As lawyers, we constantly encounter less-than-ideal scenarios day in and day out when parties – for whatever their reasons – fail to sign a good contract, or even fail to sign a contract at all.  However, it is important to know that having a good service contract that is tailored to the particular situation can be one of the best decisions that a company can make.

Contracts should protect assets, deals, reputation, and, importantly, should help determine how litigation or a dispute will be resolved.  A good contract is also good practice for extending the life of the relationship between the parties.

When building your contract and agreeing on terms with the other party, there are a number of key standard clauses that should be included to make it strong and reliable.
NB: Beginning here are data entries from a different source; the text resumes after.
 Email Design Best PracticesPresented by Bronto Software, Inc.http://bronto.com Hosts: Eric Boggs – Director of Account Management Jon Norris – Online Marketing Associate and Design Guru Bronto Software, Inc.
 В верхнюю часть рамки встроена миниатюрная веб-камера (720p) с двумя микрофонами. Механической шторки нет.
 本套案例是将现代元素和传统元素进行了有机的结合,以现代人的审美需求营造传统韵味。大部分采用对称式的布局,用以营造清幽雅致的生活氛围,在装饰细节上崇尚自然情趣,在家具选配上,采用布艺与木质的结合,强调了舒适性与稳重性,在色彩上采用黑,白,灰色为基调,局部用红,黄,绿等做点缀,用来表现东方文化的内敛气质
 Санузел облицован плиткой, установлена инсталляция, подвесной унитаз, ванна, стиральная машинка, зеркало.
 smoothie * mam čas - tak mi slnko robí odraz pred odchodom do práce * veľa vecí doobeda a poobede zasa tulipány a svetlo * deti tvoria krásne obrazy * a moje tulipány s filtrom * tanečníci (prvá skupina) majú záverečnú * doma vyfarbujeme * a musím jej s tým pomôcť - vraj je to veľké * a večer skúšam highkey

The 9 Essential Clauses for Service Contracts

Recitals

The recitals clause is the “Whereas,” “Now, Therefore” section.  It is normally used to introduce context to the transaction and it is good practice to have this section when there are several different documents that an interrelated, such as when this document refers to another, external document.

Payment Terms and Timing

The details in this section are, and should be, negotiated carefully in service contracts. Both parties should be clear about when the work is invoiced and when it is paid. Terms of interest can be also addressed in this part of the contract.
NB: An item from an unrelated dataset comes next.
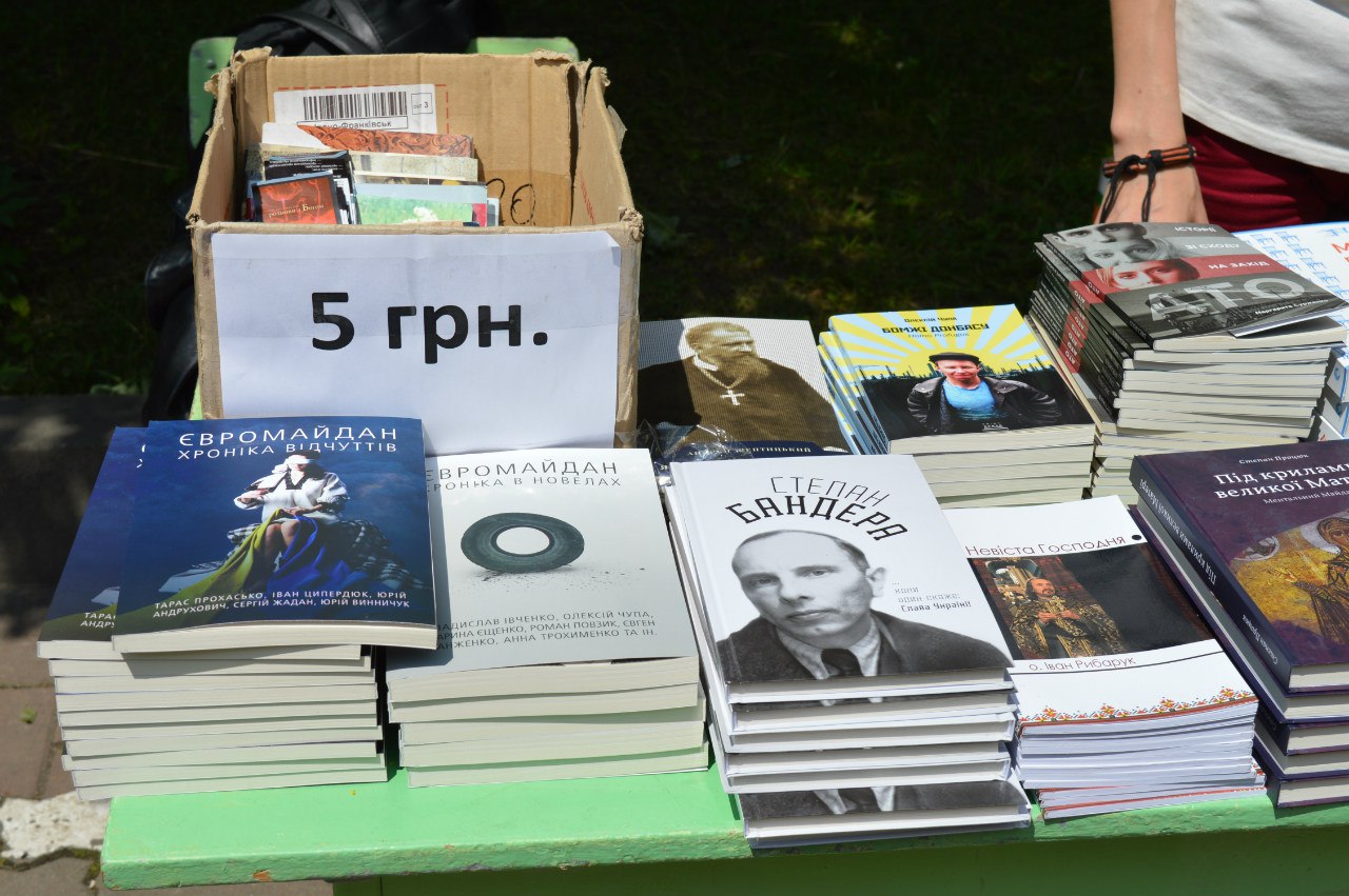 Книжки-новинки, які були представлені на виставці, продавала редактор деяких з цих видань, Антоніна Ряховська . За її словами, вже продана достатня кількість книжок, а найбільше покупці цікавляться книгами про Степана Бандеру і про Майдан, тобто те, що зараз на слуху.

Getting this clause clear and concise in service contracts is essential to help give both parties the peace of mind to focus on the project at hand rather than the financial elements, allowing space to build a healthy business relationship.

Commissions

Another service contract essential clause is the commissions section.  Lack of good commission language can lead to unnecessary headaches early on in the relationship. Important questions to address in service contracts include: When is a commission earned? What triggers their payment? What will be the percentage/amount of the commission? What happens if the relationship ends and commission amounts are unpaid?

Law and Venue

For Nearshore contracts, this is a very important clause to get right.  What law will apply to the dispute? Who will resolve the dispute (a court or an arbitrator?)?  If the service contract is international, what country law will apply and what country’s court will decide a dispute?  These are essential questions to clearly answer in this section of the service contract. 

Work Product

This contract clause is particularly essential and relevant for software vendors, as they are creating a final product at the end of a project’s development run. Normally, that product would become property of the client, but you would be surprised the various ways this can be negotiated. In this section of the contract, it’s good to include terms that determine who owns the work product created pursuant to the agreement.

Confidential Information

If the parties will be dealing with highly confidential information, then this is an essential contract section that needs to be negotiated clearly. For instance, who will have access to confidential information, and what happens to the confidential information when the service contract ends?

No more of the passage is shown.